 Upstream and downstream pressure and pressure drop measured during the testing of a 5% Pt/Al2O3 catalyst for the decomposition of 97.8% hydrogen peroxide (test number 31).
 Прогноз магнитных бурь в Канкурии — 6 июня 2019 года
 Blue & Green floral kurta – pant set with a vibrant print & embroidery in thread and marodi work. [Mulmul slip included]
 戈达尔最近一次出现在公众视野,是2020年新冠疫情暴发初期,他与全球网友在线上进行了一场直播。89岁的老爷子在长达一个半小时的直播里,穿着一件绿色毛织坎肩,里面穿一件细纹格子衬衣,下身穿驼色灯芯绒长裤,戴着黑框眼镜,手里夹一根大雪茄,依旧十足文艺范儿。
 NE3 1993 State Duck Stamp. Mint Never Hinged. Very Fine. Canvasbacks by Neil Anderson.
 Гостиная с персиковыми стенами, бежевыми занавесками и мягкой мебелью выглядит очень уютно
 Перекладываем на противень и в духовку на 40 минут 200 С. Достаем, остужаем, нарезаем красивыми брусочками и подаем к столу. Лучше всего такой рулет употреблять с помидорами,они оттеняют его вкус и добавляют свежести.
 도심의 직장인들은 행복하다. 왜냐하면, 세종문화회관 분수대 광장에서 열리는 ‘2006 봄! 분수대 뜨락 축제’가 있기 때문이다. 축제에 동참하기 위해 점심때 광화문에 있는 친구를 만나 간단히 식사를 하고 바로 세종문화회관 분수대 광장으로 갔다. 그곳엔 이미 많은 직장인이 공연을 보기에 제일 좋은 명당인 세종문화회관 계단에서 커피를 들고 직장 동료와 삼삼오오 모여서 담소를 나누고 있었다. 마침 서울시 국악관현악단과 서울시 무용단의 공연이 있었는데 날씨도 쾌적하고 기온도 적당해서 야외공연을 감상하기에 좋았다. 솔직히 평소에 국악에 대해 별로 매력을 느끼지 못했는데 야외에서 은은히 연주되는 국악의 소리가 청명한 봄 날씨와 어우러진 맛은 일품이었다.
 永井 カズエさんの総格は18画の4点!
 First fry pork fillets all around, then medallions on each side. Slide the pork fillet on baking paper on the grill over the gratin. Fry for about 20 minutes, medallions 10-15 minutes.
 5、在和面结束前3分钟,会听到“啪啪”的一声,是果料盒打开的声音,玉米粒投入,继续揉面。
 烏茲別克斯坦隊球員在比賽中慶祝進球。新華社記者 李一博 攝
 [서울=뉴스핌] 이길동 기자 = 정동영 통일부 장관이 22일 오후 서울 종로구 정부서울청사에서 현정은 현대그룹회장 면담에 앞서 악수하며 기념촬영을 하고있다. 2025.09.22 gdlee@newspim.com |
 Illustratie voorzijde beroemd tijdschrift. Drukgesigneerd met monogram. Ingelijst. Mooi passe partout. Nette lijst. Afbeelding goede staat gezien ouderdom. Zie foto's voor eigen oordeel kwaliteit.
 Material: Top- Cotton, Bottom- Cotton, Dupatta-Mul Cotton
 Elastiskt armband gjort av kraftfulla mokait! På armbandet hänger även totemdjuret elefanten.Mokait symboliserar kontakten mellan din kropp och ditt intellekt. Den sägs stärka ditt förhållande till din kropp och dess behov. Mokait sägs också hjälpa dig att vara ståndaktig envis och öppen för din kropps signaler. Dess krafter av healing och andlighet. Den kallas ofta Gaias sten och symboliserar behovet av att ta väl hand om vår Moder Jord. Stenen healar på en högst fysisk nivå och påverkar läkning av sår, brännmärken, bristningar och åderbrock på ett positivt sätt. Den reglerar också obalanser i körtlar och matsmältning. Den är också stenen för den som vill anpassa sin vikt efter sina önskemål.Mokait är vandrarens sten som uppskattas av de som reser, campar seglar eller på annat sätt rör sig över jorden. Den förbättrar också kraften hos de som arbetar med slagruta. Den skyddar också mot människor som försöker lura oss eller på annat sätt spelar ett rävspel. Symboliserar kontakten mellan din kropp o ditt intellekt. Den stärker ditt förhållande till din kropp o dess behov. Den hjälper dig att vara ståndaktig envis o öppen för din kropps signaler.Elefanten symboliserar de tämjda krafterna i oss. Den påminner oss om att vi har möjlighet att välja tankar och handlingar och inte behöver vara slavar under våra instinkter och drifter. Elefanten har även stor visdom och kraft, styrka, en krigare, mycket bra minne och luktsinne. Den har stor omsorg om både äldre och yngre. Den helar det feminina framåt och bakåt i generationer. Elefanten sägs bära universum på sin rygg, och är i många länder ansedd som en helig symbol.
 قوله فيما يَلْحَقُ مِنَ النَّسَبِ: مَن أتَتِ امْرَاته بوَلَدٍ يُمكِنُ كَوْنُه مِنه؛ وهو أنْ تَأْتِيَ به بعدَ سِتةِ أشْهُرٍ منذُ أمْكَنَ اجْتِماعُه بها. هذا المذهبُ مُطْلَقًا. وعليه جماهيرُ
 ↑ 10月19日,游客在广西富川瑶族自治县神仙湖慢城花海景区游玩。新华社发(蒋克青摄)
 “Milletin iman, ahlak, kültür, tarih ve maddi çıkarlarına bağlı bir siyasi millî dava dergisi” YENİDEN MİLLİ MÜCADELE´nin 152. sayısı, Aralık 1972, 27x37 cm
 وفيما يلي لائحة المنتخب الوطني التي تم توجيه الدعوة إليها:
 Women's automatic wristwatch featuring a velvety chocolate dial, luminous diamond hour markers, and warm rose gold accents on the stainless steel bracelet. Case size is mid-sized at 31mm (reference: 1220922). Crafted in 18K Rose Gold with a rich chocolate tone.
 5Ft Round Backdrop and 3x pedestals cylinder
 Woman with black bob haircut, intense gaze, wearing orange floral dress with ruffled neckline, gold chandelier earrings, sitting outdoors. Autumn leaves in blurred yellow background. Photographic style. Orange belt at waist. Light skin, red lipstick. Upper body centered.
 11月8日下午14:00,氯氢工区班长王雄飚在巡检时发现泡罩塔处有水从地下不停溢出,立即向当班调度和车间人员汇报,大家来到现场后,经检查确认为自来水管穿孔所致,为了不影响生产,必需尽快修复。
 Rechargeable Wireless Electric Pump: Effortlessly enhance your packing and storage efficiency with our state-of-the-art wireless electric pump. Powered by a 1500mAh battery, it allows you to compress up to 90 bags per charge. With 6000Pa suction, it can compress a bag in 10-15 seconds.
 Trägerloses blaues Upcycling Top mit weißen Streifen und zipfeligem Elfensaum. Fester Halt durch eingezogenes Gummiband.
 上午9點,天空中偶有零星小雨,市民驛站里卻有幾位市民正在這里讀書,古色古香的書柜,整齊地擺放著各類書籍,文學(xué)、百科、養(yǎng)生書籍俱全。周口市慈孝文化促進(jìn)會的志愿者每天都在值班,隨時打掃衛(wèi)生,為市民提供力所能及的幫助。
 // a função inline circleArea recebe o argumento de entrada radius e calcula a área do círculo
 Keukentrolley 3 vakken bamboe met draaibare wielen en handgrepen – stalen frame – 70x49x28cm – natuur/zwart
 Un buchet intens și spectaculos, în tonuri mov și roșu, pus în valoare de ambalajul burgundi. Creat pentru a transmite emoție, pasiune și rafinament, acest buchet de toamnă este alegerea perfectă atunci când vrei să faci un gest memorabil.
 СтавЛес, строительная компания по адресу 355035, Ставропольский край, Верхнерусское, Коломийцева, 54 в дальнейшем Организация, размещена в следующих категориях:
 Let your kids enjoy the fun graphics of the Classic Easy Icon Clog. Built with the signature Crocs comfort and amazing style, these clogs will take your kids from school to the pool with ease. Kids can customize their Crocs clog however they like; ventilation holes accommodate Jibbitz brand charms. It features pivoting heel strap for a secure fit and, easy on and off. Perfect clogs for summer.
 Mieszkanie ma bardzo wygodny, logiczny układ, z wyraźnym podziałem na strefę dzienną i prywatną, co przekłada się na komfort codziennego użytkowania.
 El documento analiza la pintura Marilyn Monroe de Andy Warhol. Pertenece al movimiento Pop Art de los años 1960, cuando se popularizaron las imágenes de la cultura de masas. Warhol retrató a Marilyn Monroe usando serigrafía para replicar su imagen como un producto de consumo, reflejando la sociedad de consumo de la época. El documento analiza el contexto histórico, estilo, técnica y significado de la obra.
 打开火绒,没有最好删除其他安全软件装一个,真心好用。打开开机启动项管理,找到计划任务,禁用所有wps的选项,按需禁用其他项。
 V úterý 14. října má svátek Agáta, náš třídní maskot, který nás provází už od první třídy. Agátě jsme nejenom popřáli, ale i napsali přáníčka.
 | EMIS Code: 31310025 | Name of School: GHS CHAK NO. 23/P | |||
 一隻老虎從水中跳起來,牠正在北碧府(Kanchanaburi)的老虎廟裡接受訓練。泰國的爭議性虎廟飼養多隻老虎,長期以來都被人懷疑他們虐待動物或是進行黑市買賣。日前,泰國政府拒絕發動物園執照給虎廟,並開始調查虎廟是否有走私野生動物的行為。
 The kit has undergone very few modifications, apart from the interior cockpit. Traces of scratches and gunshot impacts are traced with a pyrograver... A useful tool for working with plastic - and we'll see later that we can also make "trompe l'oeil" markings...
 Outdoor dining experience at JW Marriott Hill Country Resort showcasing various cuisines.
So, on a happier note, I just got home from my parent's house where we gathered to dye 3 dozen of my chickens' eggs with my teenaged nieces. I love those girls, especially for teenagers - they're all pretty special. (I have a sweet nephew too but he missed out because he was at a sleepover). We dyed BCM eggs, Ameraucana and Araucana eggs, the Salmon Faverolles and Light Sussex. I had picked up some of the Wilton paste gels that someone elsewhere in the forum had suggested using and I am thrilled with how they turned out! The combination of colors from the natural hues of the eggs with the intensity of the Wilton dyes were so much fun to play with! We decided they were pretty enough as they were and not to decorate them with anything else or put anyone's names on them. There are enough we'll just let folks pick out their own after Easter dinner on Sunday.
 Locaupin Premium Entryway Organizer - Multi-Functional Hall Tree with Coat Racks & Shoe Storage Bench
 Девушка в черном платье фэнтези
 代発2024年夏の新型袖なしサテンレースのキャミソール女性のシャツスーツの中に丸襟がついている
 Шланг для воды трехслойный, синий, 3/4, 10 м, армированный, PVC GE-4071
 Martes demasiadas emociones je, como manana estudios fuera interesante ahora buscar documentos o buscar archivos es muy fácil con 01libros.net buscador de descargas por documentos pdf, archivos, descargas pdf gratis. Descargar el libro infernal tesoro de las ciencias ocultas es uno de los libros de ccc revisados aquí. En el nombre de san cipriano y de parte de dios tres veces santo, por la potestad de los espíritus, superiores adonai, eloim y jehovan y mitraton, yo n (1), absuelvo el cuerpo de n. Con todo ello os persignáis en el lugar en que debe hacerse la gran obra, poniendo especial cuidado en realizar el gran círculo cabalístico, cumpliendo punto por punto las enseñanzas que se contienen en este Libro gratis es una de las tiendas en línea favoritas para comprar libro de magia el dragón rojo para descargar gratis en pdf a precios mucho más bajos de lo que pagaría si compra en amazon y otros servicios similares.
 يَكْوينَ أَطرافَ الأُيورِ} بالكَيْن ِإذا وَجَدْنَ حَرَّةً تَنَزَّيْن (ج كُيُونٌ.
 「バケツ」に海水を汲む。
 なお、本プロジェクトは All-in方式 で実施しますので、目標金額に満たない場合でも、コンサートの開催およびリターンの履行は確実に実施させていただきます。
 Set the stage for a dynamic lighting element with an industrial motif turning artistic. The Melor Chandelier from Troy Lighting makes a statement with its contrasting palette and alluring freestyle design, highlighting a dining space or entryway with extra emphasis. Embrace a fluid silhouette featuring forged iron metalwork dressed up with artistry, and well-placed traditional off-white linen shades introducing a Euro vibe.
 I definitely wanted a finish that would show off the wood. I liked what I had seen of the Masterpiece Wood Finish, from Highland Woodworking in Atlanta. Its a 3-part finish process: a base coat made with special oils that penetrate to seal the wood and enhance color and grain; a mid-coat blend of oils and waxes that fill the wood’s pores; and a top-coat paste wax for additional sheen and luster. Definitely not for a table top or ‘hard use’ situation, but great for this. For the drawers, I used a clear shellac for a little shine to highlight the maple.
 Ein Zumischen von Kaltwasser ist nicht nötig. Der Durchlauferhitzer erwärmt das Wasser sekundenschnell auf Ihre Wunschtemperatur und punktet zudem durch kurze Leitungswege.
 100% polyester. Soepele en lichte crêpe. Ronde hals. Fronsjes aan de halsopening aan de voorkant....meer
----------------
* WHAT IS BEING ASKED *
From the listing above, repeat exactly the lines starting at the line that includes "NE3 1993 State" and ending at the line that includes "Material: Top- Cotton, Bottom- Cotton, Dupatta-Mul", with nothing outside that span.

* YOUR RESPONSE *
 NE3 1993 State Duck Stamp. Mint Never Hinged. Very Fine. Canvasbacks by Neil Anderson.
 Гостиная с персиковыми стенами, бежевыми занавесками и мягкой мебелью выглядит очень уютно
 Перекладываем на противень и в духовку на 40 минут 200 С. Достаем, остужаем, нарезаем красивыми брусочками и подаем к столу. Лучше всего такой рулет употреблять с помидорами,они оттеняют его вкус и добавляют свежести.
 도심의 직장인들은 행복하다. 왜냐하면, 세종문화회관 분수대 광장에서 열리는 ‘2006 봄! 분수대 뜨락 축제’가 있기 때문이다. 축제에 동참하기 위해 점심때 광화문에 있는 친구를 만나 간단히 식사를 하고 바로 세종문화회관 분수대 광장으로 갔다. 그곳엔 이미 많은 직장인이 공연을 보기에 제일 좋은 명당인 세종문화회관 계단에서 커피를 들고 직장 동료와 삼삼오오 모여서 담소를 나누고 있었다. 마침 서울시 국악관현악단과 서울시 무용단의 공연이 있었는데 날씨도 쾌적하고 기온도 적당해서 야외공연을 감상하기에 좋았다. 솔직히 평소에 국악에 대해 별로 매력을 느끼지 못했는데 야외에서 은은히 연주되는 국악의 소리가 청명한 봄 날씨와 어우러진 맛은 일품이었다.
 永井 カズエさんの総格は18画の4点!
 First fry pork fillets all around, then medallions on each side. Slide the pork fillet on baking paper on the grill over the gratin. Fry for about 20 minutes, medallions 10-15 minutes.
 5、在和面结束前3分钟,会听到“啪啪”的一声,是果料盒打开的声音,玉米粒投入,继续揉面。
 烏茲別克斯坦隊球員在比賽中慶祝進球。新華社記者 李一博 攝
 [서울=뉴스핌] 이길동 기자 = 정동영 통일부 장관이 22일 오후 서울 종로구 정부서울청사에서 현정은 현대그룹회장 면담에 앞서 악수하며 기념촬영을 하고있다. 2025.09.22 gdlee@newspim.com |
 Illustratie voorzijde beroemd tijdschrift. Drukgesigneerd met monogram. Ingelijst. Mooi passe partout. Nette lijst. Afbeelding goede staat gezien ouderdom. Zie foto's voor eigen oordeel kwaliteit.
 Material: Top- Cotton, Bottom- Cotton, Dupatta-Mul Cotton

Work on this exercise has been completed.